We should not expect anybody in Washington DC to pay attention to general aviation owners/pilots as a group when we have that kind of incompetent representation in Washington DC.
It still comes down to how we as GA pilots could have a say on how things have been lately, alphabet reps helping. The way the executive branch especially the last few administrations threatening to privatize the whole thing, I would rather see a few private towers here and there. Those private towers at GA airports being funded by the FAA is better than us paying fees for using ATC for anything.
The fact that ATC could go to the airlines is still scary due to the fact it will squeeze us GA pilots out. So let’s experiment with the private towers that are up. However I agree with Steve that maybe 250 plus private towers might be a little much.
You are confusing the ATC privatization issue with using contractor resources as an efficient means to provide tower services to mid to low volume airports. ATC privatization has to do with handing over a 15,000 employee operation with a $15 billion dollar budget to a private for-profit corporation controlled by the airlines. In that scenario, General Aviation loses. That’s why AOPA fought against it, and thank god. In a contract tower operation, General Aviation benefits. That’s why AOPA supported it. The idea that you can take the efficiency of a contractor-supported operation at low volume airports and scale that efficiency to a national level doesn’t work.
The financials of converting to a private entity are deceptively complex.
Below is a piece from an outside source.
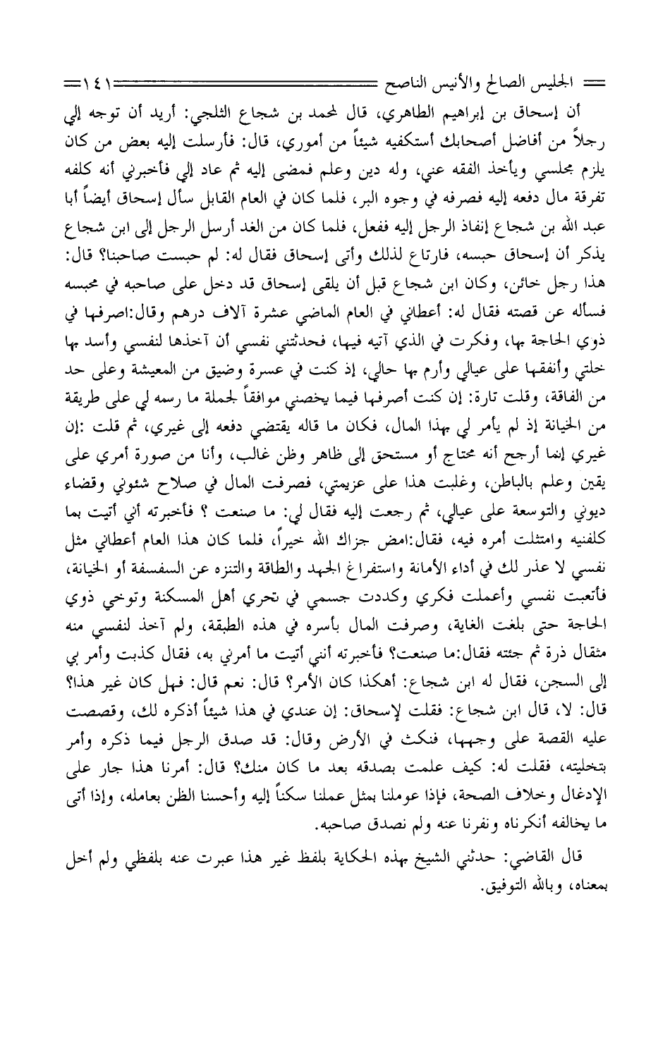 أنَّ إِسْحَاق بْن إِبْرَاهِيم الطاهري، قَالَ لمُحَمد بْن شُجَاع الثّلجي: أُرِيد أَن تُوَجِّه إليَّ رَجُلا من أفاضل أَصْحَابك أستكفيه شَيئًا من أموري، قَالَ: فأرسلتُ إِلَيْهِ بعضَ من كَانَ يَلزم مجلسي وَيَأْخُذ الْفِقْه عني، وَله دينٌ وعِلمٌ فَمضى إِلَيْهِ ثُمَّ عَاد إليَّ فَأَخْبرنِي أَنَّهُ كَلّفه تَفْرِقَة مَال دَفعه إِلَيْهِ فَصَرفهُ فِي وُجُوه الْبر، فَلَمّا كَانَ فِي الْعَام الْقَابِل سَأَلَ إِسْحَاق أَيْضا أَبَا عَبْد اللَّه بْن شُجَاع إِنْفَاذ الرَّجُل إِلَيْهِ فَفعل، فَلَمّا كَانَ من الْغَد أرسل الرَّجُل إِلَى ابْن شُجَاع يذكر أنَّ إِسْحَاق حَبسه، فارتاع لذَلِك وأتى إِسْحَاق فَقَالَ لَهُ: لَمْ حبست صاحبنا؟ قَالَ: هَذَا رجلٌ خائن، وَكَانَ ابْن شُجَاع قَبْلَ أَن يَلْقى إِسْحَاق قَدْ دَخَلَ عَلَى صَاحبه فِي محبسه فَسَأَلَهُ عَنْ قصَّته فَقَالَ لَهُ: أَعْطَانِي فِي الْعَام الْمَاضِي عشرَة آلَاف دِرْهَم وَقَالَ: اصرفها فِي ذَوي الْحَاجة بهَا، وفكّرتُ فِي الَّذِي آتيه فِيهَا، فحدَّثَتْني نَفسِي أَن آخذها لنَفْسي وَأسد بهَا خلتي وأنفقها على عيالي وأَرُمُّ بهَا حَالي، إِذْ كنتُ فِي عُسرة وضيق من الْمَعيشَة وعَلى حدٍّ من الْفَاقَة، وَقلت تَارَة: إِن كنت أصرفها فِيمَا يخصني موافقاَ لجملة مَا رسمه لي عَلَى طَريقَة من الْخِيَانَة إِذْ لَمْ يَأْمر لي بِهَذَا المَال، فَكَانَ مَا قَالَه يَقْتَضِي دَفعه إِلَى غَيْرِي، ثُمَّ قلت: إِن غَيْرِي إِنَّمَا أُرَجِّحُ أَنَّهُ مُحْتَاج أَوْ مُسْتَحقّ إِلَى ظَاهر وظَنِّ غَالب، وَأَنا من صُورَة أَمْرِي عَلَى يَقِين وَعلم بالباطن، وغَلّبت هَذَا عَلَى عزيمتي، فصرفتُ المَال فِي صَلَاح شئوني وَقَضَاء ديوني والتوسعة عَلَى عيالي، ثُمَّ رجعتُ إِلَيْهِ فَقَالَ لي: مَا صنعت؟ فَأَخْبَرته أَنِّي أتيت بِمَا كلفنيه وامتثلت أمره فِيهِ، فَقَالَ: امْضِ جَزَاك اللَّه خيرا، فَلَمّا كَانَ هَذَا الْعَام أَعْطَانِي مثل نَفسِي لَا عذر لَك فِي أَدَاء الْأَمَانَة واستفراغ الْجهد والطاقة والتنزه عَنِ السفسفة أَو الْخِيَانَة، فأتعبت نَفسِي وأعملت فكري وكددت جسمي فِي تحري أَهْلَ المسكنة وتوخي ذَوي الْحَاجة حَتَّى بلغت الْغَايَة، وصرفت المَال بأسره فِي هَذِهِ الطَّبَقَة، وَلم آخذ لنَفْسي مِنْهُ مِثْقَال ذرة ثُمَّ جِئْته فَقَالَ: مَا صنعت؟ فَأَخْبَرته أنني أتيتُ مَا أَمرنِي بِهِ، فَقَالَ كذبت وَأمر بِي إِلَى السجْن، فَقَالَ لَهُ ابْن شُجَاع: أهكذا كَانَ الْأَمر؟ قَالَ: نَعَمْ قَالَ: فَهَل كَانَ غَيْر هَذَا؟ قَالَ: لَا، قَالَ ابْن شُجَاع: فَقلت لإسحاق: إِن عِنْدِي فِي هَذَا شَيئًا أذكرهُ لَك، وفصصت عَلَيْهِ الْقِصَّة عَلَى وَجههَا، فنكث فِي الأَرْض وَقَالَ: قَدْ صدق الرجل فِيمَا ذكره وَأمر بِتَخْلِيَتِهِ، فَقلت لَهُ: كَيْفَ علمت بصدقه بَعْدَ مَا كَانَ مِنْك؟ قَالَ: أمْرُنَا هَذَا جَار عَلَى الإدغال وَخلاف الصِّحَّة، فَإِذا عوملنا بِمثل عَملنَا سَكَنا إِلَيْهِ وأحسنّا الظّن بعامله، وَإِذا أَتَى مَا يُخَالِفهُ أنكرناه ونفرنا عَنْهُ وَلم نصدق صَاحبه.

A turn-key transition of ATC “as is”, with all the benefits we have today, is HUGELY expensive.
Another example of private companies doing business better and more affordably than the government….it only works every time you try it. However, there is one thing that government is good at — holding back progress and ingenuity.
Before simply allocating funds, there should be a review to determine how many of those airports even need towers any more. I know at least three airports here in Washington state that still have towers (I don’t know if they are contract) that definitely do not need them.